First, I’d like to give a little shout out to my dear friend and housemate, Nicolette, for coining the term patience pants. How stinking cute is that?!? I’m totally going to use this phrase for a little comic relief when checking in with my patience and kindness towards myself and others. So thank you beautiful nugget (Nicci) for being a guiding light in my sporadic dismal thoughts; I truly appreciate your creative outlets.
Lately it feels as though everything is testing my patience… could it be that mercury is in retrograde? Possibly. But, in all honesty I know that it’s just my subconscious telling me that I need to check in with myself. I’ve been experiencing a world of emotions in regards to previous mistakes I’ve made and been a part of. The blame and shame is still something that arises, and I try to combat with self-love and kindness. Being away from friends and family back on the east coast has been a blessing, because it’s given me the time and space needed to be with myself and authentic thoughts without any physical reminders. Being out here with no immediate relations or connections to my past gave me the chance to start over and create a fresh mind frame on how I view and treat myself. Creating and maintaining love for yourself is essential for the happiness of your life and as being a constructive human in society. You can’t give what you don’t have, and we all know that the world could use A LOT more lovin’.
Talking with my spiritual director, Pastor Jocelynn, and housemates has helped me rationalize my erratic thoughts; easing my anxieties and concerns.

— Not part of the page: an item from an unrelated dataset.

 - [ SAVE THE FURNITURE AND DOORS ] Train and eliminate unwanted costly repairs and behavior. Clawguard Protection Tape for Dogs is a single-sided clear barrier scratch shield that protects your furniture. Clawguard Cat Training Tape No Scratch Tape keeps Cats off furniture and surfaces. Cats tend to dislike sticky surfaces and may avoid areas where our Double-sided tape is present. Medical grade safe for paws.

Although I’m hyperaware that the only true fix already exists within me, it feels good to be affirmed that I am not alone and senseless. I’m reminded every day that I am only human and mistakes are bound to happen. One must only suffer the consequences once, because any more than that is a form of self-abuse and only does more harm. Knowing and living that truth are two totally different entities, and I now know that. I’m currently in the process of forgiveness and developing more self-love; I just need to keep my patience pants on for the time being.
Patience is a beautiful yet incredibly challenging attribute to uphold at all times. It may seem impossible at times to keep my head on straight, but with a mindful eye and joyful reminders from the self and loved ones, I am soothed and comforted. Although I contradict myself daily, I am thankful for the imperfect life and relationships I have right now. I am grateful for past mistakes and connections I’ve made and lost. I am blessed for the hurt I have felt and feel, because it makes me resilient and creates a happier and radiant being that is just abundantly happy to be breathing. I struggle internally with ominous thoughts that creep up from time-to-time, but I am able to reset and engage in more loving and affirming sentiments.
As I end this post I want to share a quote that I found that helps me refocus my worth and love for myself and others:
“Have patience with all things but first with yourself. Never confuse you mistakes with your value as a human being. You’re a perfectly valuable, creative, worthwhile person simply because you exist. And no amount of triumphs or tribulations can ever change that. Unconditional self-acceptance is the core of a peaceful mind.”
Thank you St. Francis de Sales for articulating a vital point that many of us need to adhere to and manifest within ourselves and others. I am going to try and continue with my positive mantras that keep my light illuminating for all to see and feel. Thank you friends, family, and universe that keeps me sane, and consistently showers me with love and compassion; you’re the coal that keeps me burning.